The sugar moiety of DNA is one of the most flexible
and dynamic parts of the molecule. Fig. 2 shows
structures of the common sugar conformations that are
found in the various forms of DNA. The sugar ring is easy
to envision if one thinks of an envelope. In the envelope
form, the four carbons form a plane at the corners of the
body of the envelope. The oxygen is at the position
representing the top of the envelope flap. The oxygen
can be bent out of the plane of the body of the envelope
twisting the C2’ and C3’ carbons relative to the other
atoms, resulting in various twist forms of the sugar ring.
To form the C2’endo form of the ribose sugar, C2’ twists
up from the plane of the four carbons.
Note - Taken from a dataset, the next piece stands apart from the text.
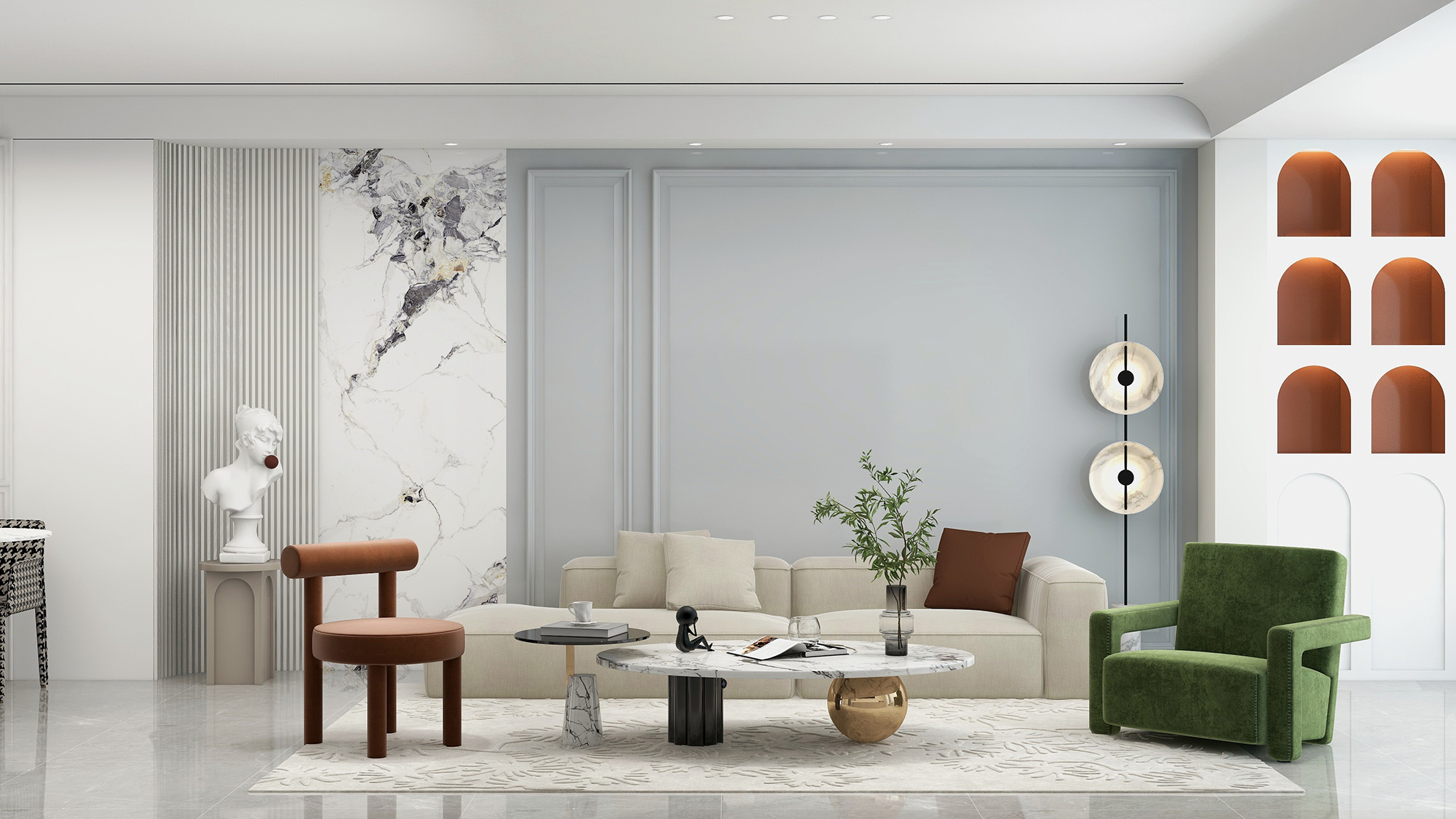 干净清爽的白色极简风,大面积白色干净、舒适,通透明亮的空间,开阔的空间,使得整体白色调更加明朗舒适,再配上一点点的莫兰迪系列橙色在增添了一些温馨与优雅。

To form the C3’
endo, C3’ twists down out of the plane of the four
carbons.
B.
Organic base
The organic bases found in nucleic acids are
heterocyclic compounds containing nitrogen in their
rings; hence they are called nitrogenous bases. The
bases found in nucleotides are substituted pyrimidines
and purines. Unsubstituted pyrimidines and purines are
not found in biological systems, but a number of
substituted derivatives are present, which are classified
as pyrimidines or purines, depending on the parent
molecule from which they are derived.
a.
Pyrimidine bases:
Pyrimidine bases consist of a six membered
pyrimidine ring, which is similar to the benzene ring
except that it contains nitrogen in place of carbon at
positions 1 and 3 (Fig. 3). Therefore, pyrimidines contain
four carbons and two nitrogen atoms. The carbons and
nitrogens of the purine rings are numbered 1 to 9.
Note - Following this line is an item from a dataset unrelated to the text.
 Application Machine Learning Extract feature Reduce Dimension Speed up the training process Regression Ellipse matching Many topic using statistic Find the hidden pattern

DNA contain two major pyrimidines:
i.
Thymine: Thymine contains a methyl group at the
C5 position with the carbonyl groups at C4 and C2
positions (Fig.3 ), so it is 5-methyl, 2,4-dioxo pyrimidine.
ii. Cytosine: Cytosine contains a hydrogen atom at the
C5 position and an amino group at C4 (Fig.3 ), so it is 2oxo-4-amino pyrimidine.
It will be pertinent to mention that RNA contains
uracil in place of thymine. Only rarely thymine occurs in
RNA or uracil in DNA. In uracil, a keto group (=O) is
present at the 2nd and 4th carbon, so it is 2,4-dioxo
pyrimidine (Fig.3 ). The only difference between uracil
and thymine is the absence of a methyl group at position
C5 position.
b.
Purine bases
Purine is a bicyclic structure consisting of pyrimidine
fused to an five membered imidazole ring. The five
member ring of purine has nitrogen in the place of
carbon at positions 7 and 9 (Fig.4 ). Therefore, purines
contain five carbons and four nitrogen atoms. The
carbons and nitrogens of the pyrimidines are numbered 1
to 6.
The two major purine bases present in DNA are:
i.
Adenine: In adenine, an amino group is present at
position 6 (Fig.4 ), so it is 6-amino purine.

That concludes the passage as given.